CAPITOLO 1
Alzo le palpebre irritata. Ieri sera non ho abbassato bene le persiane e una sottile lama di luce mi batte sul viso. Consulto la sveglia: non sono ancora le sette. Mi giro verso Emre, e per un po' contemplo sorridendo il suo viso addormentato e indifeso. Faccio una veloce disamina del programma di oggi e comincio a riconciliarmi con la giornata pensando che Giulia ha invitato me e Melisa nella sua casa estiva nel quartiere di Yeşilköy. Per mia cognata è una sorta di rimpatrio, visto che abitava non lontano dal posto dove andremo. Mi passerà a prendere più tardi e andremo con la sua auto.
Trascorre sempre l’estate lì, Giulia, la cara vicina a cui, anche se sono più giovane di lei, mi sono affezionata molto e, benché nella brutta stagione non ci vediamo poi tutti i giorni, sapere che al piano di sotto lei non c’è mi fa sentire più sola. Da quando Emre si è trasferito da me, per forza di cose la frequento meno di quanto non facessi appena arrivata a Istanbul, quando lei era stata un importante e affettuoso punto di riferimento nel passaggio dalla realtà italiana a quella turca.
Parcheggiamo sul lungomare e Melisa, la mia quasi cognata, dato il rapporto more uxorio che intrattengo con il fratello, e quasi coetanea, data la differenza di un solo anno tra noi, nonostante venga qui per la prima volta come me individua subito la casa e me la indica. Mentre mi cammina davanti diretta all’abitazione, la guardo con affetto e preoccupazione: ha un portamento reso un po’ incerto dalla recente malattia, mentre un tempo era sicura e intraprendente.
L’edificio è a quattro piani, ricoperto di legno scuro nella parte superiore, con il tetto spiovente. Il piano terreno è seminascosto dal verde e al primo piano si scorge un’ampia terrazza. Giulia ci accoglie al cancello baciandoci entrambe con la solita cordialità. Conosce Melisa più che altro dai miei racconti, ma è al corrente della sua storia e ha esteso anche a lei il suo invito perché sa che ha ancora qualche problema e vuole essere gentile con lei. Dopo la convalescenza dalla leucemia, infatti, ma soprattutto dopo la tragica morte della madre, ha passato un periodo molto difficile che forse non ha ancora superato.
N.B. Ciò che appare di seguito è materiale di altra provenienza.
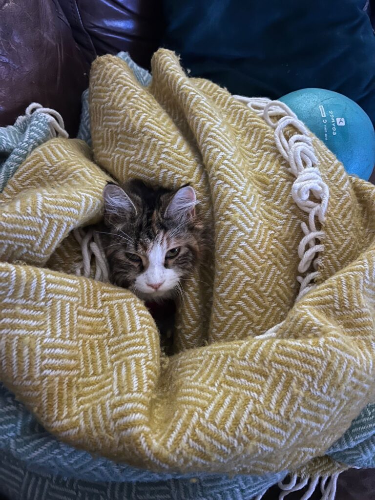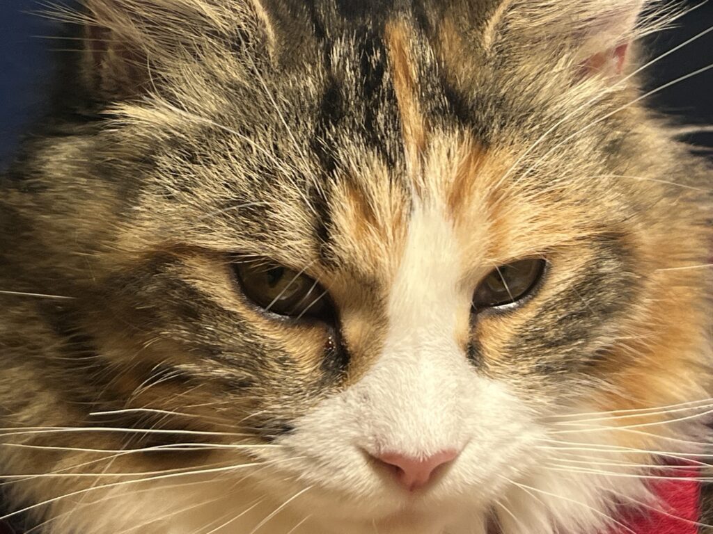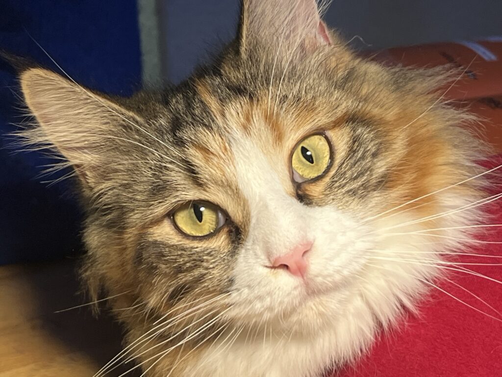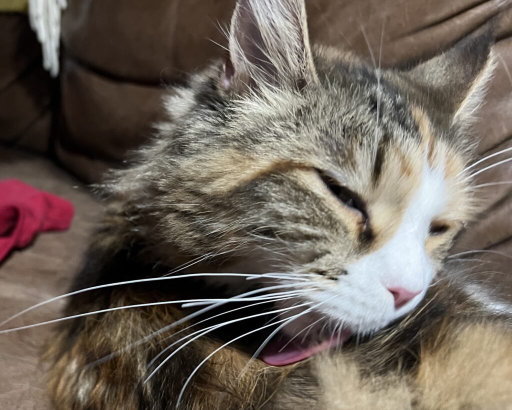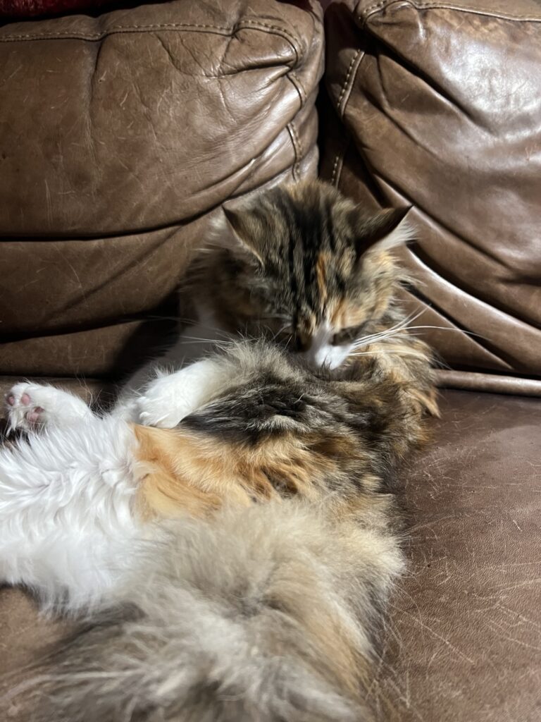 • Coco ist nach Eierstockvernichtung fast wieder die Alte: Springt auf mich. Leckt mein Ohr.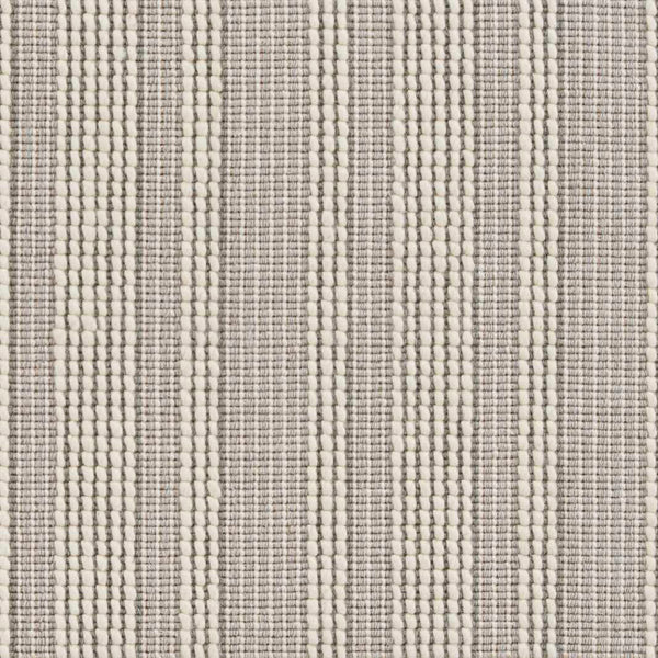 The Solara Swatch is a custom-sized carpet, designed primarily for evaluating texture, color, and material composition. This 1-foot by 1-foot square offers a precise representation of the larger product line. This carpet features a striped pattern in a sophisticated Lilac color palette. The design incorporates alternating bands of distinct textures. One stripe displays a tighter, low-pile weave in a light grey tone. The adjacent stripe exhibits a more prominent, textured loop pile. This raised element combines off-white and soft beige...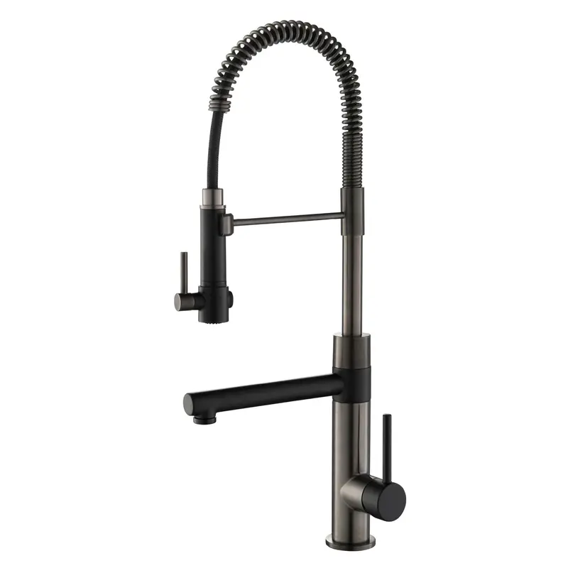 - верхній кран - високий пружинний вилив з лійкою-спреєм для попереднього ополіскування і видалення твердих залишків їжі;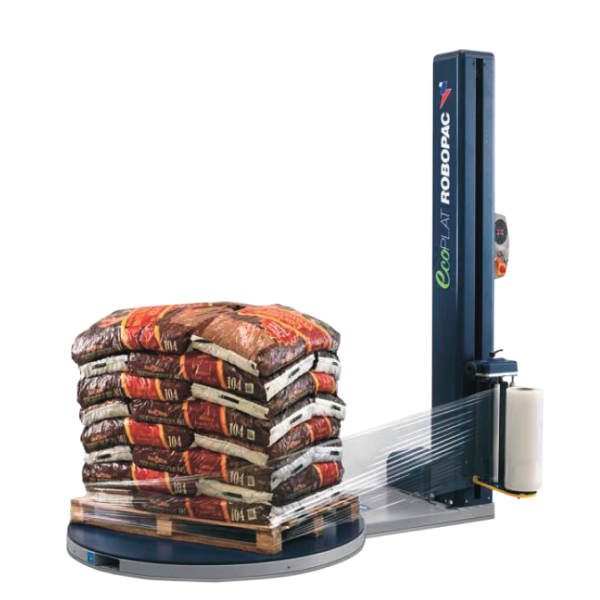 Полуавтоматический палетоупаковщик с поворотным столом без функции предварительного растяжения плёнки, предназначенный для вертикальностоящих грузов. Самый базовый и недорогой аппарат в линейке паллетообмотчиков торговой марки Robopac.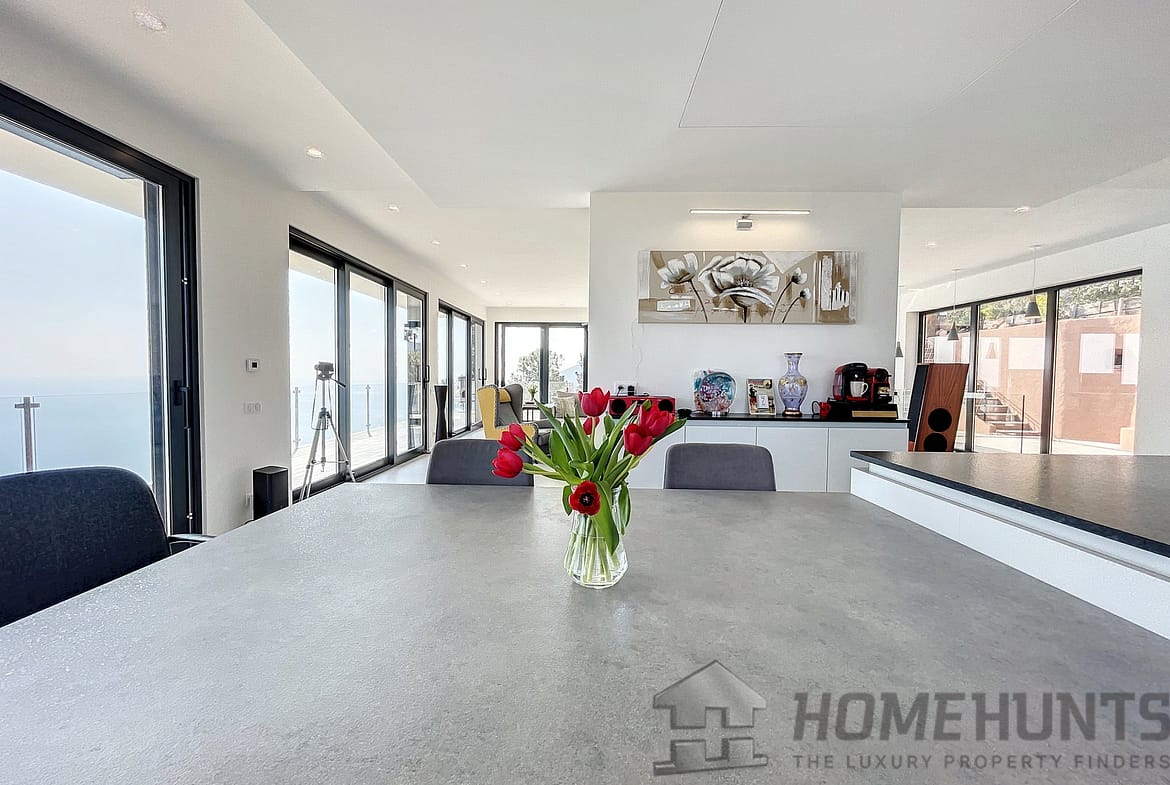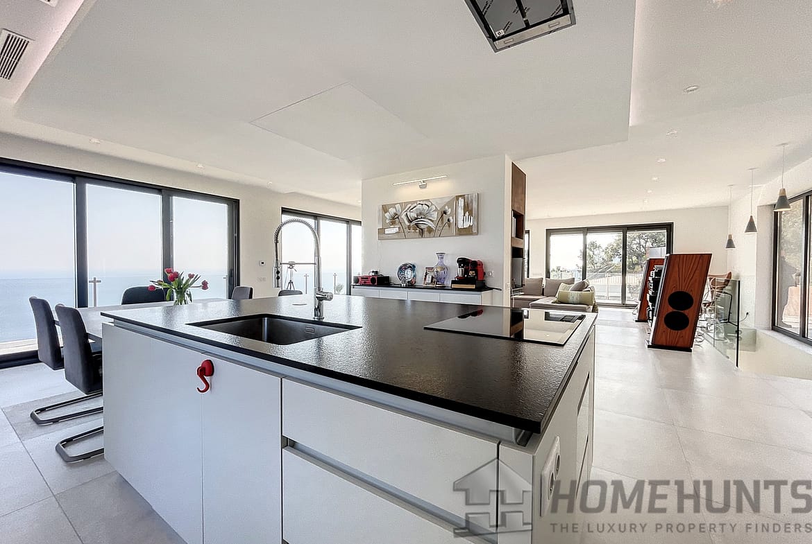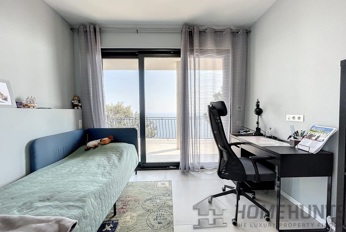 Built on 2 levels, the villa is composed on ground floor of a large living room with chimney, and an open plan and all equipped kitchen with a dining area and cellar, all opening onto a large terrace offering an amazing sea view.

Giulia è elegante come sempre, nonostante il caldo. Non è eccessivamente abbronzata malgrado la vicinanza al mare, mantiene i suoi caratteri di pelle, capelli e occhi chiari, e indossa una camicia di lino color salmone su dei pantaloni in tinta degradante. Nonostante la differenza d’età ho sempre avuto una gran confidenza con lei, che comunque fa dimenticare in fretta le distanze anagrafiche perché ha un piglio giovanile e sa mettere l’interlocutore a proprio agio.
«Ho una sorpresa per te».
Saliamo alcuni gradini, costeggiamo la casa e arriviamo a un delizioso, ampio salotto all’aperto coperto da una pergola di vite. Il mare è appena al di là del parcheggio e della strada pedonale, dove al momento sta passando qualche sportivo, anche troppo appassionato per correre con questo caldo. Da una delle poltroncine si alza Katia, mi viene incontro di corsa e mi stringe in un abbraccio così forte, che per un attimo mi manca il fiato. Sono cosciente del fatto che l’affetto impetuoso che mi dimostra va diviso equamente col ricordo di mia madre che lei tanto amava, e che rivede in me. Più composto è il benvenuto che riserva alla mia compagna.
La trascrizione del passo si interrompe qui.